An app often runs as a tree of processes — workers, subcommands, a Lambda re-exec'ing. Each process initializes its own tracer with a fresh runtime_id, so without extra signal the backend sees them as unrelated. This PR tags every telemetry event with session_id, parent_session_id, and root_session_id so the backend can stitch them into one logical instrumentation session.

Wire protocol

Two env vars carry lineage between processes:

  • _DD_PARENT_RS_SESSION_ID — immediate parent's runtime_id
  • _DD_ROOT_RS_SESSION_IDruntime_id of the root of the spawn chain

The first call to sessions_from_runtime_id (from the tracer init pipeline) does both halves atomically under a OnceLock:

  1. Capture inbound — read the env vars set by the spawning process and build TelemetryInstrumentationSessions { session_id = runtime_id, root, parent }. Values matching runtime_id are dropped.
  2. Install outbound — write _DD_PARENT_RS_SESSION_ID = runtime_id, and _DD_ROOT_RS_SESSION_ID = runtime_id if it was unset. Subsequent Command::spawn inherits these automatically.
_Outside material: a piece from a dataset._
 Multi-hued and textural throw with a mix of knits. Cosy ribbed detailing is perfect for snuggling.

Capture runs before install so we don't reflect our own id back as our parent.

Env scope

set_var writes to this process's env block — there is no host-wide registry. Effects:

  • Inherited by children we spawn after init (env is snapshotted at spawn).
  • Not visible to sibling processes, already-running processes, other shells/containers/users, or the parent shell after we exit.
  • Shared with threads in our own process, which is why the install is gated on the "init early in main, before threads" contract (see Caveats).
  • Broken by Command::env_clear / env_remove. If any process in the chain wipes its env before spawning (common in sandboxes, hermetic builders, container runtimes), the child starts a new lineage tree. Graceful degradation: no panic, just a missed correlation.

Caveats

Threading. set_var is unsound on POSIX when raced with getenv from another thread. OnceLock makes the install one-shot; callers must invoke DatadogTracingBuilder::init (or a sibling) early in main before spawning threads. This matches the convention every other Datadog tracer relies on.
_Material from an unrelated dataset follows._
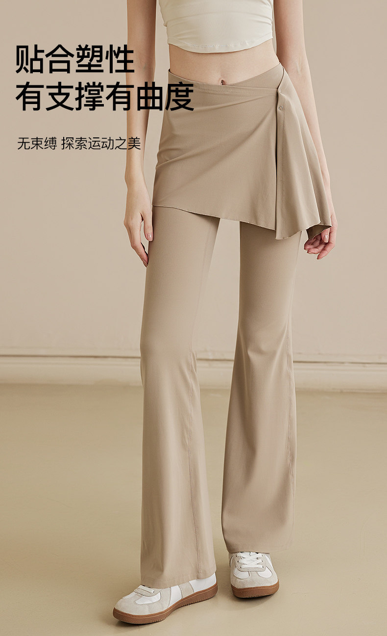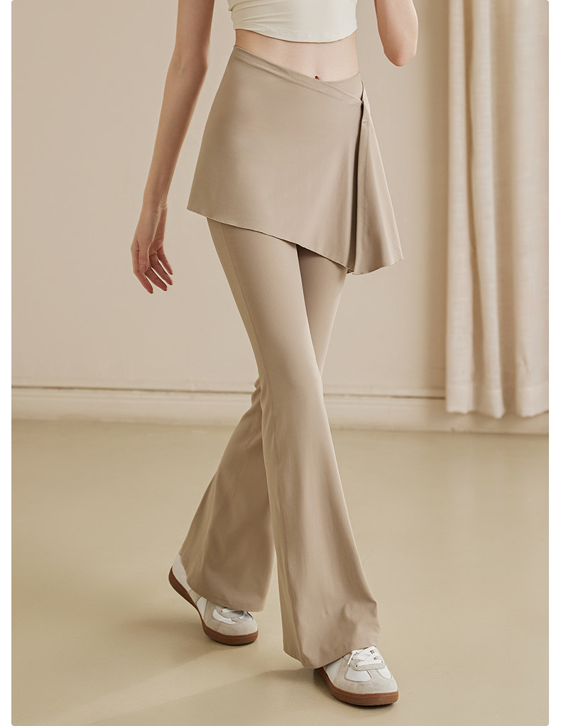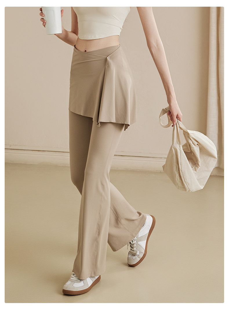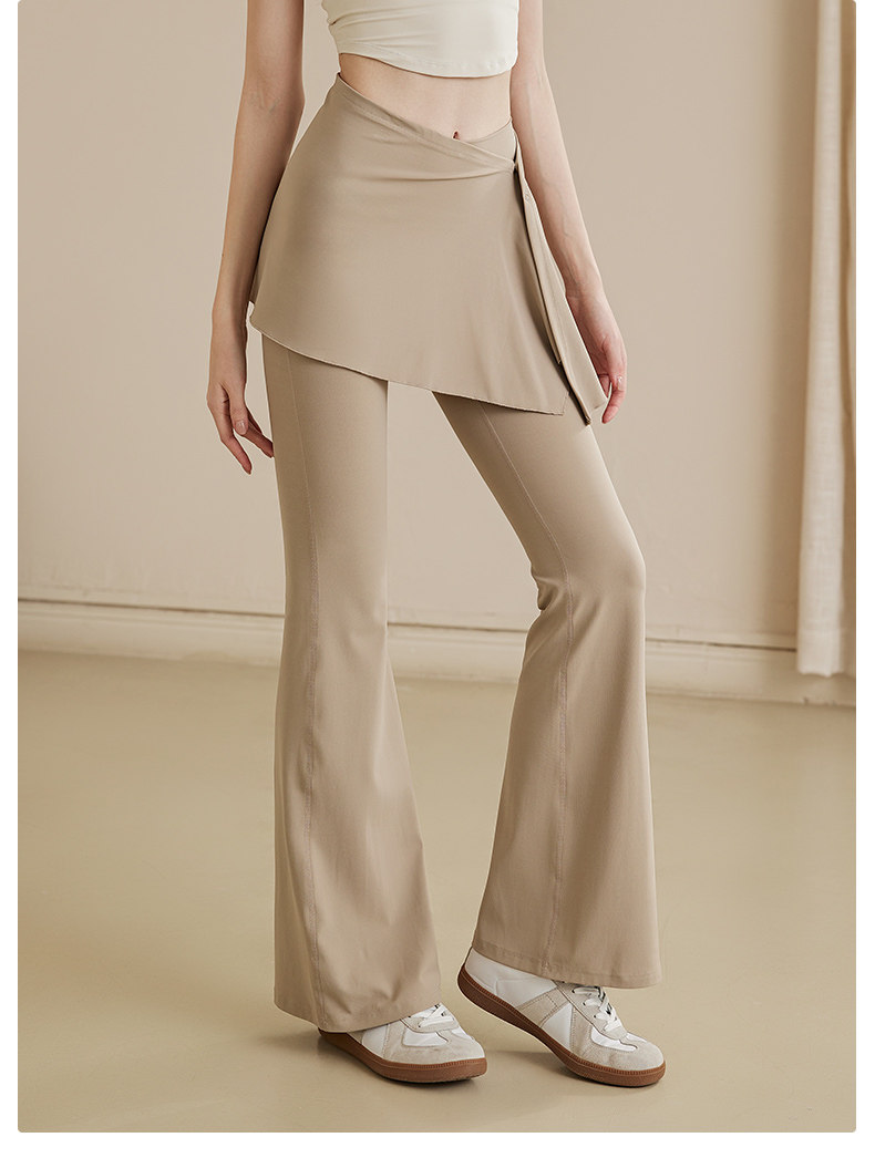 Fake Two-Piece Cover-Up Skirt Yoga Pants for Women, High-Waisted, Hip-Lifting, Pilates Training, Slimming, Flared Wide-Leg Fitness Pants

Fork. Lineage is correct across fork+exec (the default for Command::spawn) because exec resets memory and the child re-captures fresh. Bare fork() (Unix daemons, nix::unistd::fork) is not handled: the child inherits both the parent's Config::process_runtime_id() OnceLock and our CAPTURED OnceLock, so it reports the parent's session. A fix requires resetting both from a pthread_atfork child handler — out of scope here; noted in a module comment.

Implementation

  • Bumps the published libdd-* workspace stack to 4.x/5.x; adds libdd-capabilities-impl 2.0.0. The trace exporter is now TraceExporter<NativeCapabilities>.
  • core/telemetry_session.rs (new, pub(crate)): capture-and-install lives here; pure sessions_from_env is unit-tested with an injected env closure.
  • core/telemetry.rs and span_exporter.rs consume the captured value directly. No new public types or APIs.
  • Under test-utils, wait_agent_info_ready runs on a dedicated current-thread tokio runtime since it's invoked from a plain thread::spawn.

Tests

  • cargo nextest run --workspace --locked: 326 passed
  • cargo test --workspace --doc --locked: 13 passed
  • cargo clippy --workspace --all-targets --locked -- -D warnings: clean

@mabdinur
Copy link
Copy Markdown
Contributor Author

Blocked by the release: DataDog/libdatadog#1822

@mabdinur
Copy link
Copy Markdown
Contributor Author

Next steps before merging

This PR currently carries [patch.crates-io] git overrides for six libdatadog crates because the APIs it depends on (TelemetryInstrumentationSessions, NativeCapabilities, session_id fields on telemetry Config) were added in DataDog/libdatadog#1822 without incrementing the crate version numbers, so they cannot be consumed directly from crates.io.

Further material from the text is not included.